In the Hollywood Hills, eyes on the moon, not the stars

A lunar eclipse is shown over the ocean in Oceanside, California, U.S., January 31, 2018. A lunar eclipse is shown over the ocean in Oceanside, California, U.S., January 31, 2018. REUTERS/Mike Blake

By Alex Dobuzinskis

LOS ANGELES (Reuters) – A thousand people crowded on a hilltop outside Los Angeles before dawn on Wednesday for one of the best views in America of a rare lunar eclipse called a “Super Blue Blood Moon,” as the Earth’s shadow fell across its natural satellite.

Outside the Griffith Observatory, which more commonly draws tourists looking at the city’s famous Hollywood sign, people lounged on the grass and peered through telescopes for a better look at the red-tinted “blood moon” shadow

“I didn’t expect to see this many people and it kind of feels like nice inside to be, ‘Ah! Other people know about this and want to come see it,'” said Sam Rubaye, a 34-year-old property manager in Los Angeles who came up with friends.
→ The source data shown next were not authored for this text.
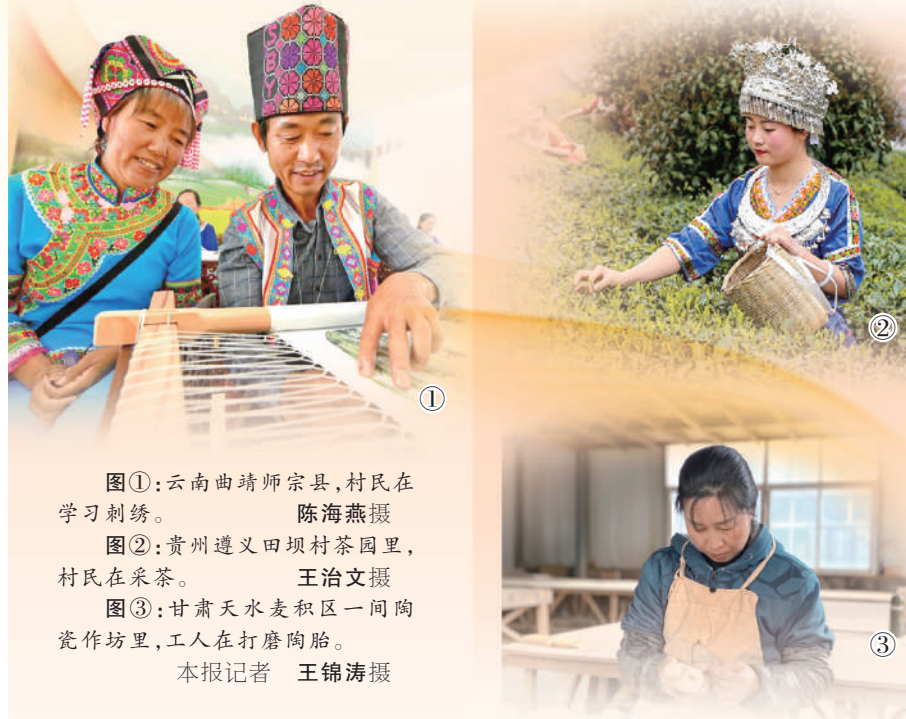
图①:云南曲靖师宗县,村民在学习刺绣。

近年来,五龙乡大力发展刺绣产业,成为远近闻名的旅游扶贫示范乡。“大家在一起,同吃同住好……”伴着踩脚踏布机和缝
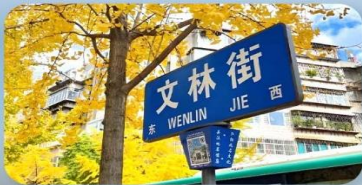
ถนนคนเดินหวินหลิน
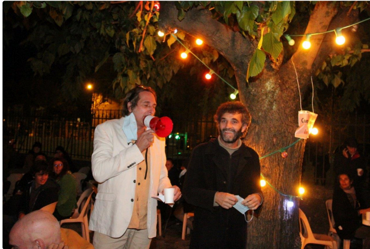
Un Oscar ou un César ? Pas un Lion d'Or non plus, mais simplement un Tarin d'Or

Le nouveau prix au palmarès du Festival du Film court en Armagnac.
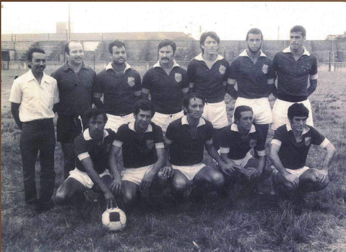
Terror do Bairro
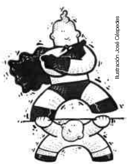
Ilustración José Céspedes

estos se negaran a la explotación de la tierra (por ejemplo) por parte de una transnacional, pero los Estados no pueden demandar a las empresas, aunque ellas estuviesen contaminando los ríos, el medio ambiente, etc.
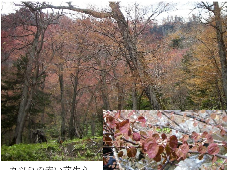
カツラの赤い芽生え
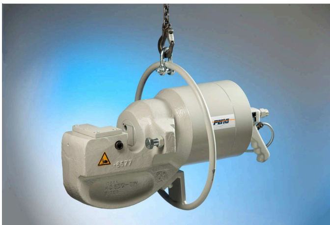
Abb. ähnlich / similar to photo
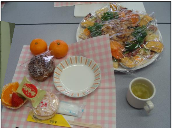
クリスマスオードブルおいしかったよ☆
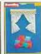
6350 Gardinet, varlängsrum

The "Super Blue Blood Moon" sets behind the Staten Island Ferry, seen from Brooklyn, New York, U.S., January 31, 2018.

The “Super Blue Blood Moon” sets behind the Staten Island Ferry, seen from Brooklyn, New York, U.S., January 31, 2018. REUTERS/Eduardo Munoz

In western North America, the eclipse began at 3:48 a.m. Pacific Time (1148 GMT), according to NASA. Those on the East Coast were less fortunate: the moon had set before the eclipse was in full swing, according to NASA.

The eclipse occurred during the rare occasion of a second full moon in a single month, otherwise known as a “blue moon,” and during a point in the moon’s orbit at which it has reached its closest position to Earth, thus making it appear larger and brighter in the sky than normal, as a “super moon.”
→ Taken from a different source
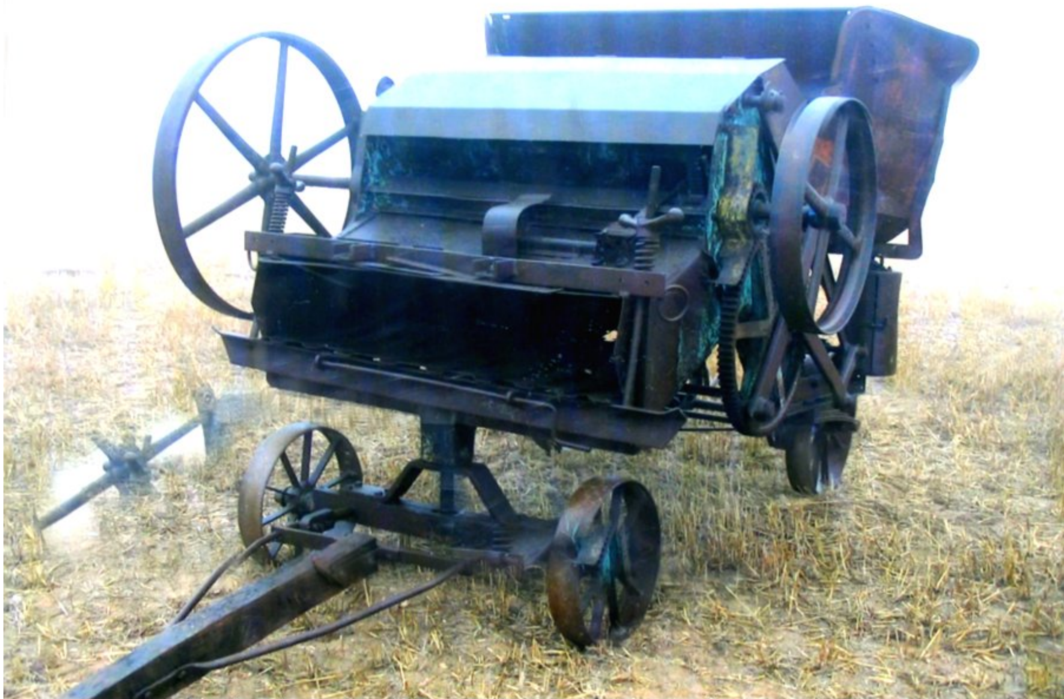
Ancienne botteleuse basse densité à liage ficelle automatique ou manuel; en temps de pénurie avec des ficelles récupérées l'année précédente par le coupeur de liens sur la batteuse
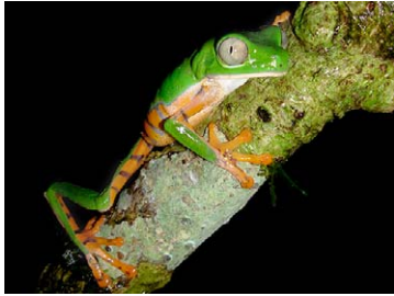
81 Phyllomedusa tomopterna HYLIDAE

[rrc@fieldmuseum.org] [www.fmh.org/animalguides/] Rapid Color Guide # 262 versión 1 01/2010

The reddish appearance of the lunar surface – the moon’s image does not vanish entirely during an eclipse – is due to rays of sunlight passing through Earth’s atmosphere as the moon falls into our planet’s shadow.

The last time all three conditions occurred for a single lunar eclipse visible from North America was in 1866, according to the meteorological forecaster AccuWeather.

“Griffith Observatory is all about having an eyeball to the sky, and so it’s one thing to learn about this event in a book, but it’s another to see it for yourself,” observatory director Ed Krupp said in a phone interview.